For each verb in the tokenised text, it produces past, gerund, and base tense variants. For each noun, it toggles plural/singular. Combinations of verb transform and noun transform are also emitted. All variants are deduplicated. Case preservation (`preserveCase()`) maintains the capitalisation pattern of the original token — all-caps, title-case, and lower-case are all handled.
---
## Multi-Language Support
The grammar engine is language-parametric. Every function that produces or classifies text uses the current language to look up `GrammarData`. Grammar tables must be loaded via `SetGrammarData(lang, data)` before use.

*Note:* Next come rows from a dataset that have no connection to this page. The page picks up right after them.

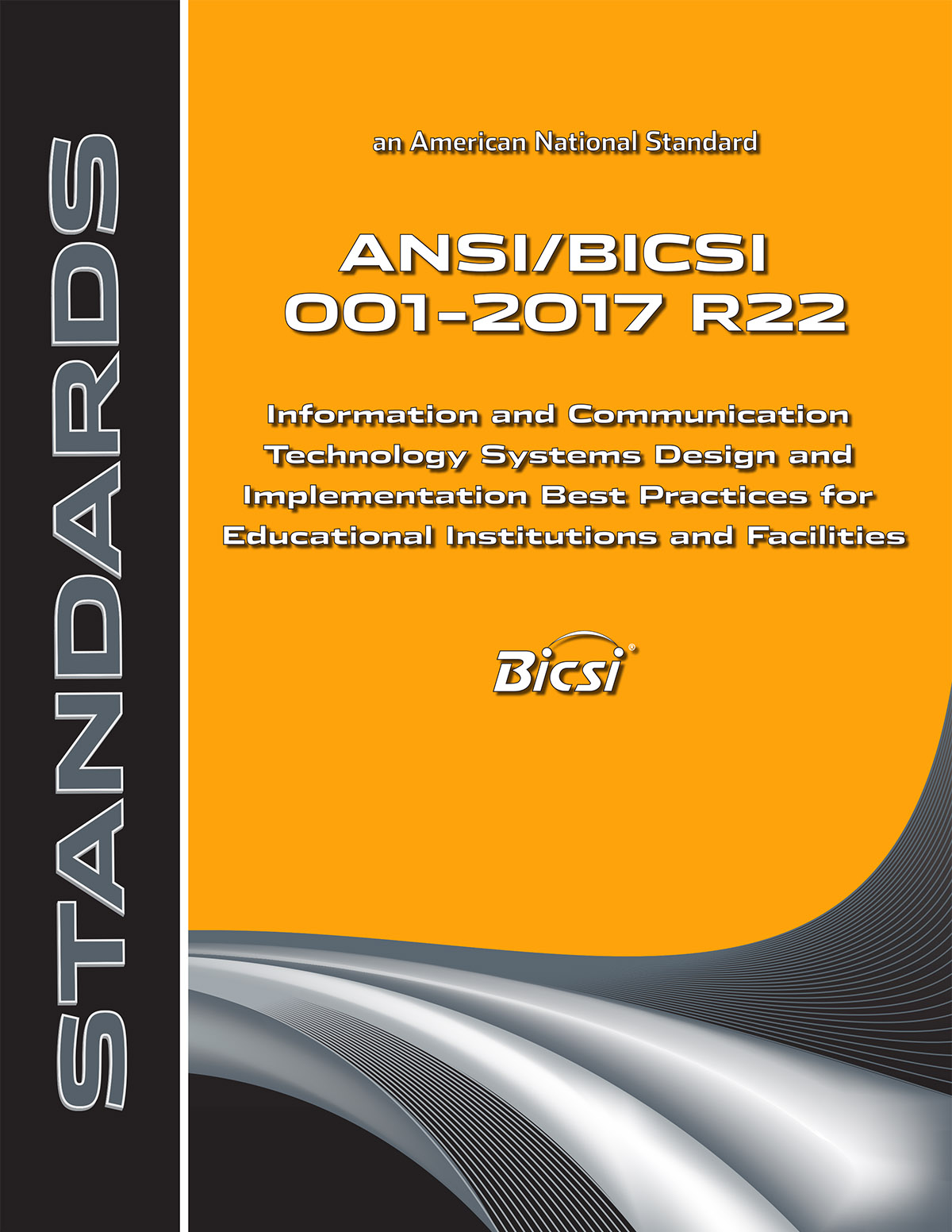 استاندارد ANSI/BICSI-001 2017 R22 برای شبکه ی ارتباطی فضاهای آموزشی امروزی و مدرن نوشته شده است و با در نظر گرفتن معماری و جمع آوری اطلاعات مورد نیاز، طراحی زیرساخت ICT را در فرآیند توسعه ساختمان گنجانده است.
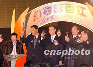 香港特別行政區(qū)財政司司長唐英年、國家旅游局局長何光偉等十二月二十日晚出席香港“幻彩詠香江”啟動儀式。中新社記者:錢興強
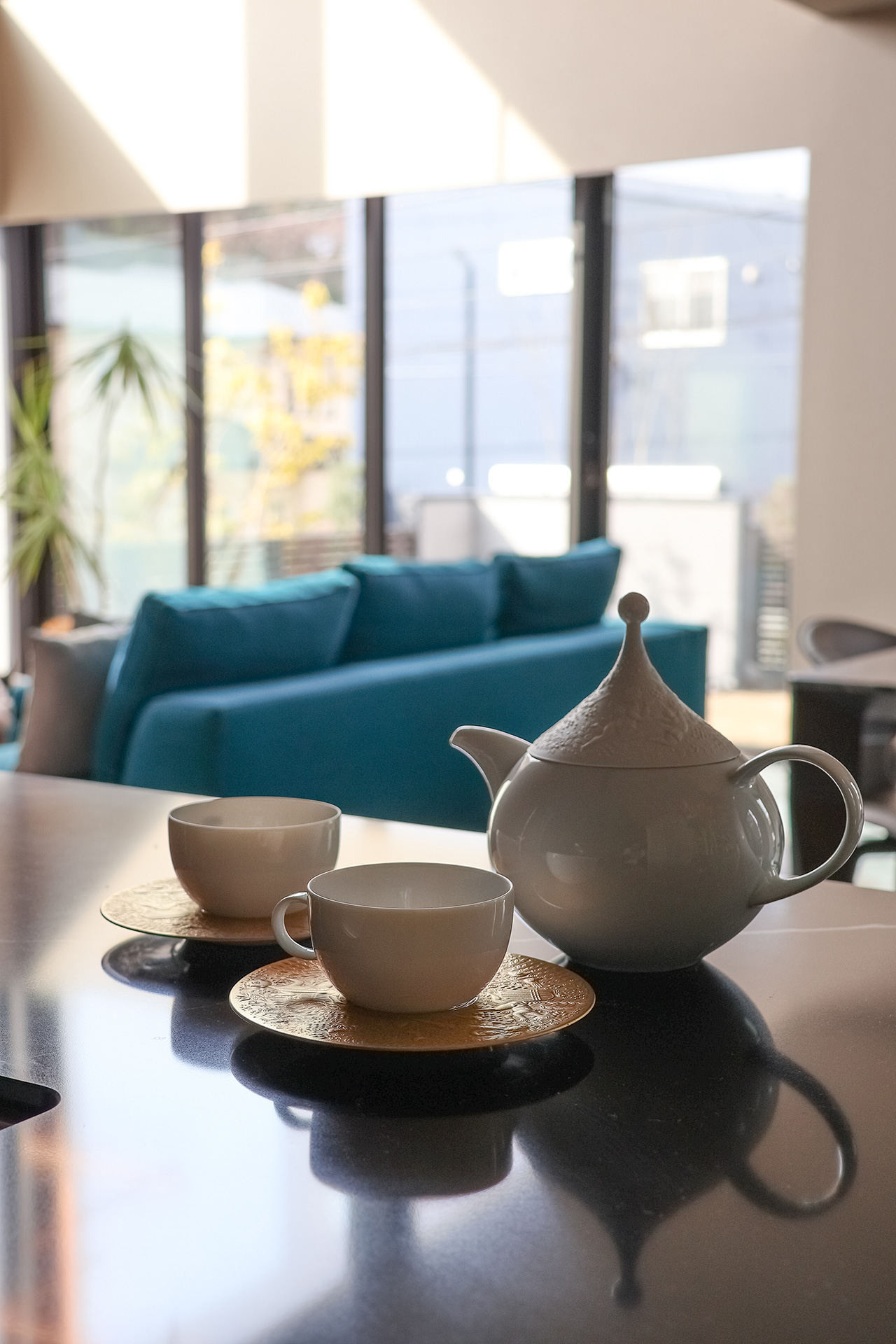ダイニング側には長年コレクションしているカップアンドソーサーを収納

**French grammar tables** (`locales/fr.json`) include:
- 50 verb conjugations with `past` (passé composé participial form) and `gerund` (présent participe)
- 24 gendered nouns with `"m"` or `"f"` gender fields
- Gendered articles: `by_gender: {"m": "le", "f": "la"}`; indefinite: `"un"` (both vowel and default — French does not distinguish)

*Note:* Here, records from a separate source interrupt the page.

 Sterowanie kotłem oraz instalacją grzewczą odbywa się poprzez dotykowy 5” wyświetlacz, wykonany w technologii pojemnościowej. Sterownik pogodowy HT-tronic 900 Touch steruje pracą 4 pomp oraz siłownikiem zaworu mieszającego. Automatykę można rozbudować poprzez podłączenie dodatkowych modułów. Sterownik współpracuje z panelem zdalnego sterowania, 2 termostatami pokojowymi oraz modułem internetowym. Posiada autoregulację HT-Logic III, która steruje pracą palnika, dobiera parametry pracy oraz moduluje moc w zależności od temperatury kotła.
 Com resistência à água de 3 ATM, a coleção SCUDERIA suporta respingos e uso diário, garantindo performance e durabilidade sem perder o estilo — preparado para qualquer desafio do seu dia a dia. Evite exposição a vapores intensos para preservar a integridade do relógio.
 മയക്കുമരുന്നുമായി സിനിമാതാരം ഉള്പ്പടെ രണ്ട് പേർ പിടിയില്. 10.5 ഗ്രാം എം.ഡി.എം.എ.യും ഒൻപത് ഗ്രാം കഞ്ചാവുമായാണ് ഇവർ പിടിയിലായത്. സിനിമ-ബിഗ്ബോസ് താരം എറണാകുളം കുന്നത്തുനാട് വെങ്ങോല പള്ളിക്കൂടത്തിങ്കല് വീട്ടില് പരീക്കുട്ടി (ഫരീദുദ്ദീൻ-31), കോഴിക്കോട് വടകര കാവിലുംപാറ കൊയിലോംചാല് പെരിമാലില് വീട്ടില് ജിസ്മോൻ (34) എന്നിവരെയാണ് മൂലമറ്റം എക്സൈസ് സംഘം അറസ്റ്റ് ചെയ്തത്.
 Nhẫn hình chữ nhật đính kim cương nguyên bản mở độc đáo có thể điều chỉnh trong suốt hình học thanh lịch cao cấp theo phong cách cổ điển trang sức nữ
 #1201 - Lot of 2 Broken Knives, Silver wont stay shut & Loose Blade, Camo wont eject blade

- Punctuation: `label: " :"` (space before colon, per French typographic convention), `progress: "..."`
**Tier 2 and tier 3 fallbacks are English-only.** The `irregularVerbs` and `irregularNouns` Go maps and the regular morphology rules apply English patterns. Non-English languages must therefore provide comprehensive `gram.verb` and `gram.noun` tables in JSON.
**Disambiguation signal lists** in `gram.signal` are per-language. The tokeniser's `buildSignalIndex()` loads each list independently. If a list is absent or empty, the tokeniser falls back to hardcoded English defaults for that signal only.
**Plural rules** for CLDR plural categories are registered per language code in the `pluralRules` map. Supported: en, de, fr, es, ru, pl, ar, zh, ja, ko (with regional variants).
**RTL detection** is provided for Arabic, Hebrew, Persian, Urdu, and related codes via `rtlLanguages`.
See `docs/grammar-table-spec.md` for the full JSON schema.
---
## Irreversibility and Round-Trip Property
The reversal engine maintains the **round-trip property**: for any base form `b`, if `PastTense(b)` produces inflected form `f`, then `MatchVerb(f)` must recover `b`. This property is enforced by round-trip verification in tier 3 of all `Match*` functions: candidate bases are only accepted if the forward function reproduces the original inflected form. Tests in `reversal/roundtrip_test.go` validate this property for all irregular verbs and a sample of regular patterns.
The imprint is inherently lossy — it discards lexical content and retains only grammatical structure. The round-trip property applies to the tokeniser, not to the imprint.